The contrast is stark — Illinois is choosing a government-first model, while Florida cements parental control.
When Parents Are Shut Out
Peoria mother Karen Michaels sees where this is headed:
“JB Pritzker couldn’t keep our kids safe in the streets, but now he wants to decide what’s in their heads? That’s my job as a parent — not his.”
Underfunded From the Start
Even without politics, Illinois schools lack the staff to manage this program.
The state faces a shortage of more than 1,000 school counselors and psychologists, and many rural districts have none at all.
“A screening without follow-up is like diagnosing a broken arm and handing the kid a Band-Aid,” says Dr. Emily Harper, a Springfield child psychologist.
Illinois has a track record of launching big programs without the infrastructure to support them — from SNAP benefit backlogs to unemployment insurance delays to nursing home oversight failures.
The Privacy Trap
Illinois’ history with data security is equally troubling.

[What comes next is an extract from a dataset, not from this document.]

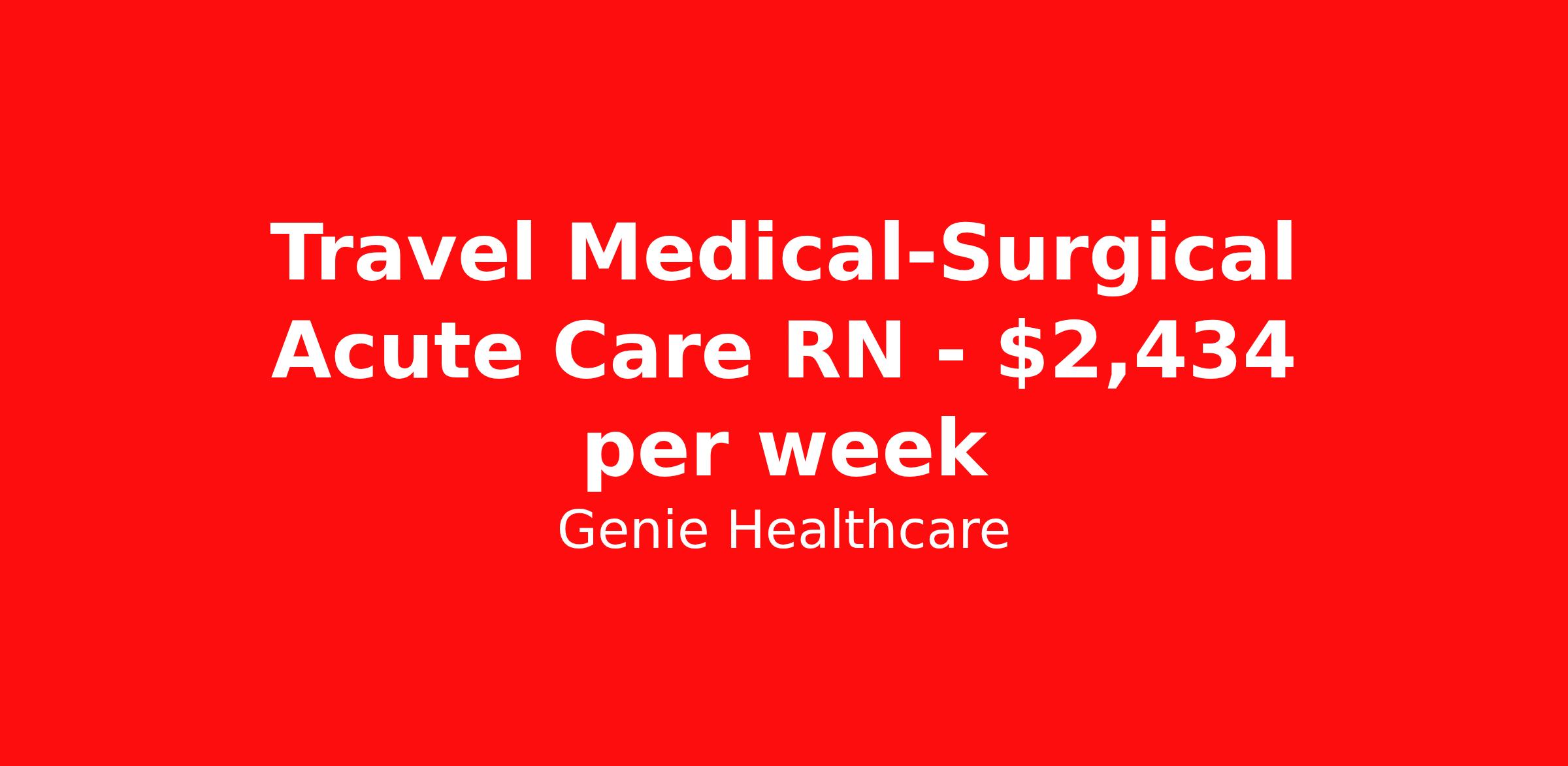 Genie Healthcare is seeking a travel nurse RN Med Surg for a travel nursing job in Peoria, Illinois. Job Description & Requirements Specialty: Med Surg Discipline: RN Start Date: 03/30/2026 Duration: 13 weeks 36 hours per week Shift: 12 hours, nights Employment Type: Travel Genie Healthcare is looking for a RN to work in MedSurg for a 13 weeks travel assignment located in Peoria, IL for the Shift (3x12 nights, 19:00:00-07:00:00, 12.00-3). Pay and benefits packages are estimated based on client bill rate at time the job was posted. These rates are subject to change. Exact pay and benefits vary based on several things, including, but not limited to, guaranteed hours, client changes in bill rate, experience, etc. Benefits: Medical Insurance, Dental Insurance, Vision Insurance, 401(k) with company matching (50% up to 6% of what you contribute) Genie Healthcare Job ID 17973379. Pay package is based on 12 hour shifts and 36.0 hours per week (subject to confirmation) with tax-free stipend amount to be determined. Posted job title: RN:MedSurg,19:00:00-07:00:00 About Genie Healthcare Genie Healthcare is one of the fastest growing Nurse Travel Agencies in the USA. Genie serves hundreds of facilities and has over 4000 current travel RN contracts open at any given time. Genie provides travel RN’s flexibility, support, top pay scale, housing and the 1 rated, multi-state health insurance coverage. Genie Healthcare carries with it a commitment to providing a comprehensive level of service and quality care. Growing from a small team of eager recruiters to a company with satisfied clients in nearly every corner of the nation, delivering excellence in patient and customer care is the key to Genie’s success. The management team has 20 years of experience in workforce solutions and staffing in medical and non-medical fields, roles ranging from Clerical job to Cardiologist to software developer to CEO.

Breaches in its unemployment system and COVID contact tracing program exposed sensitive personal information.
Now, the state will be storing confidential mental health data on minors.
“Once the government has information about your child’s mental health, you don’t get to control how it’s used,” warns privacy advocate Laura Phelps.
Attorney Michael Reade says keeping results from parents while retaining them in state records could violate both FERPA and the Illinois Student Records Act — lawsuits waiting to happen.
Why This Fight Matters
This is bigger than Illinois.
If Pritzker’s program is declared a success, other blue states will copy it.
If it collapses — or is exposed as a political weapon — it could push red states to pass even stronger parental rights protections.
As FactsFirstUS.com warns:
“Any screening program in the hands of a politically motivated administration risks becoming an instrument for shaping beliefs, not just supporting health.”
What Parents Must Demand Now
To protect children’s well-being without surrendering parental rights, parents must demand:
Opt-in consent for screenings.
Full, unfiltered access to every result.
Funding for follow-up care before any mandate takes effect.
Strict privacy protections with penalties for violations.
Local decision-making — not top-down control from Springfield.
The Choice Ahead
Every parent wants healthy, thriving children.
But the power to decide what “healthy” means belongs to families — not politicians.